An exact, complete printout of the listing is wanted, minus its images.

● **Dataset content**
- - - -
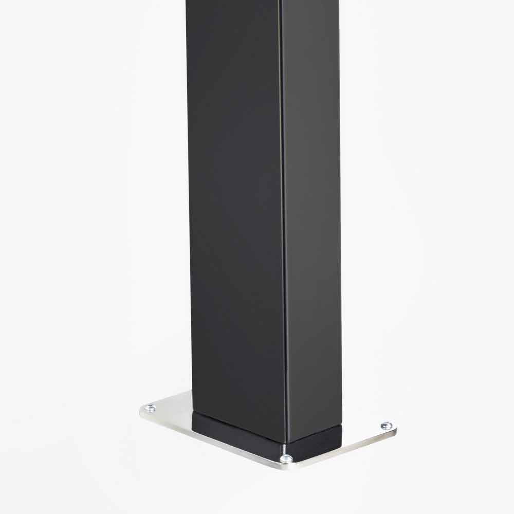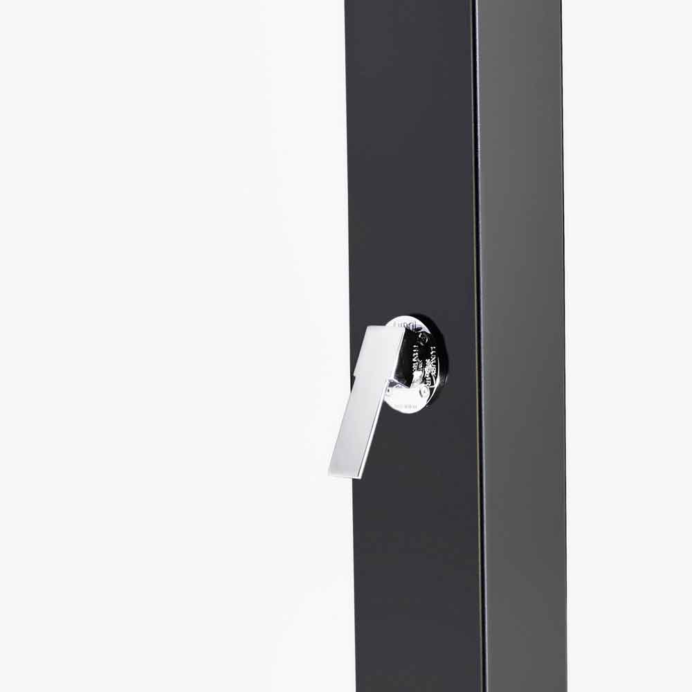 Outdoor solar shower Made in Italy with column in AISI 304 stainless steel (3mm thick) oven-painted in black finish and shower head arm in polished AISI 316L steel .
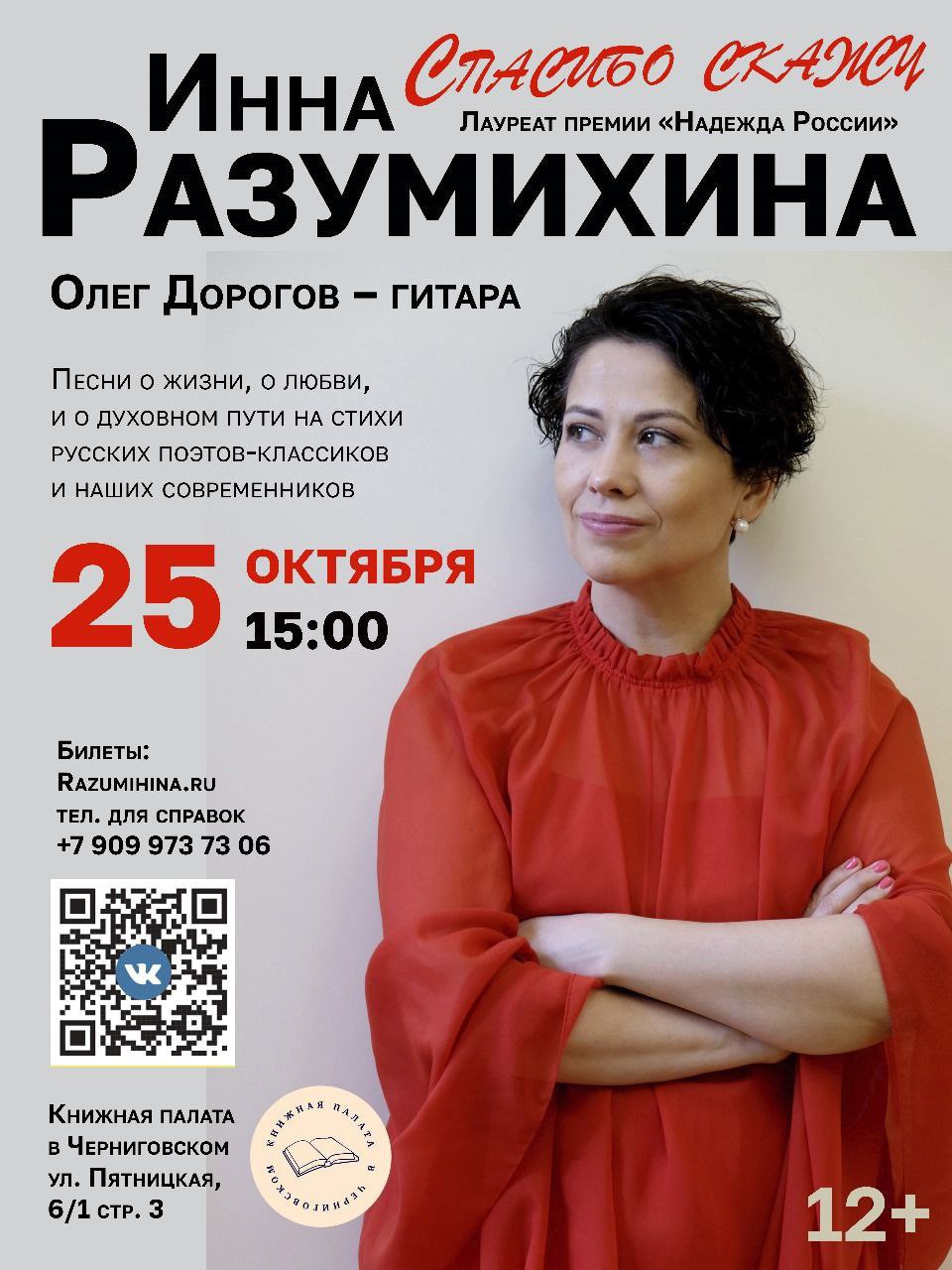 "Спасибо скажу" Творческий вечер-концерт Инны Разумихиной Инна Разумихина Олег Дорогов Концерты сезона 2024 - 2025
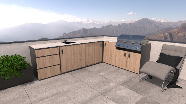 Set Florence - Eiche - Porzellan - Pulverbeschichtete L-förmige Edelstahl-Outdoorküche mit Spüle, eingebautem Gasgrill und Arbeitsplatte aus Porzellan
- - - -
● **Answer for the task**
 Outdoor solar shower Made in Italy with column in AISI 304 stainless steel (3mm thick) oven-painted in black finish and shower head arm in polished AISI 316L steel .
 "Спасибо скажу" Творческий вечер-концерт Инны Разумихиной Инна Разумихина Олег Дорогов Концерты сезона 2024 - 2025
 Set Florence - Eiche - Porzellan - Pulverbeschichtete L-förmige Edelstahl-Outdoorküche mit Spüle, eingebautem Gasgrill und Arbeitsplatte aus Porzellan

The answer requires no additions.